━━ DATA

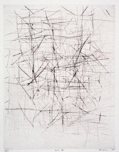 "The Geeks" by Cy Twombly is like a beautiful storm of scribbles trapped on a surface, made with something simple like graphite or charcoal. The artist clearly wasn't after perfection here, but more interested in seeing where his hand would take him, a real record of movement and chance. Looking closely, you can see each line has its own character. Some are dark and bold, others are faint whispers. Some wiggle and dance like spaghetti. It's a whole universe of marks living together. There's one particular area on the left, where the lines bunch up, almost like a tangled fishing net. It's dense and chaotic. This part shows how the build-up of simple marks can create a complex texture, like the layers of our own thoughts. I'm reminded of drawings by Brice Marden, who also used repetition to build dense and mesmerising compositions. Both artists invite us to find beauty in the imperfect and the open-ended.
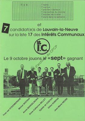 Imprimé électoral de candidats de la liste Intérêts Communaux (tendance PSC) d'Ottignies-Louvain-la-Neuve réalisé à l'occasion des élections communales et provinciales du 9 octobre 1994.
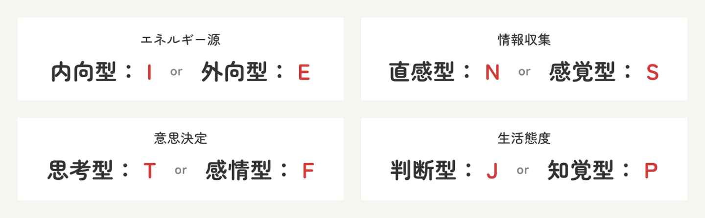 4つのカテゴリーを2択に分類し、その組み合わせから16種類の性格タイプが形成されるというもの。

━━━━

WORK INSTRUCTION => Every word of the material above should be copied exactly; no pictures.

OUTPUT OF THE EXERCISE =>
 "The Geeks" by Cy Twombly is like a beautiful storm of scribbles trapped on a surface, made with something simple like graphite or charcoal. The artist clearly wasn't after perfection here, but more interested in seeing where his hand would take him, a real record of movement and chance. Looking closely, you can see each line has its own character. Some are dark and bold, others are faint whispers. Some wiggle and dance like spaghetti. It's a whole universe of marks living together. There's one particular area on the left, where the lines bunch up, almost like a tangled fishing net. It's dense and chaotic. This part shows how the build-up of simple marks can create a complex texture, like the layers of our own thoughts. I'm reminded of drawings by Brice Marden, who also used repetition to build dense and mesmerising compositions. Both artists invite us to find beauty in the imperfect and the open-ended.
 Imprimé électoral de candidats de la liste Intérêts Communaux (tendance PSC) d'Ottignies-Louvain-la-Neuve réalisé à l'occasion des élections communales et provinciales du 9 octobre 1994.
 4つのカテゴリーを2択に分類し、その組み合わせから16種類の性格タイプが形成されるというもの。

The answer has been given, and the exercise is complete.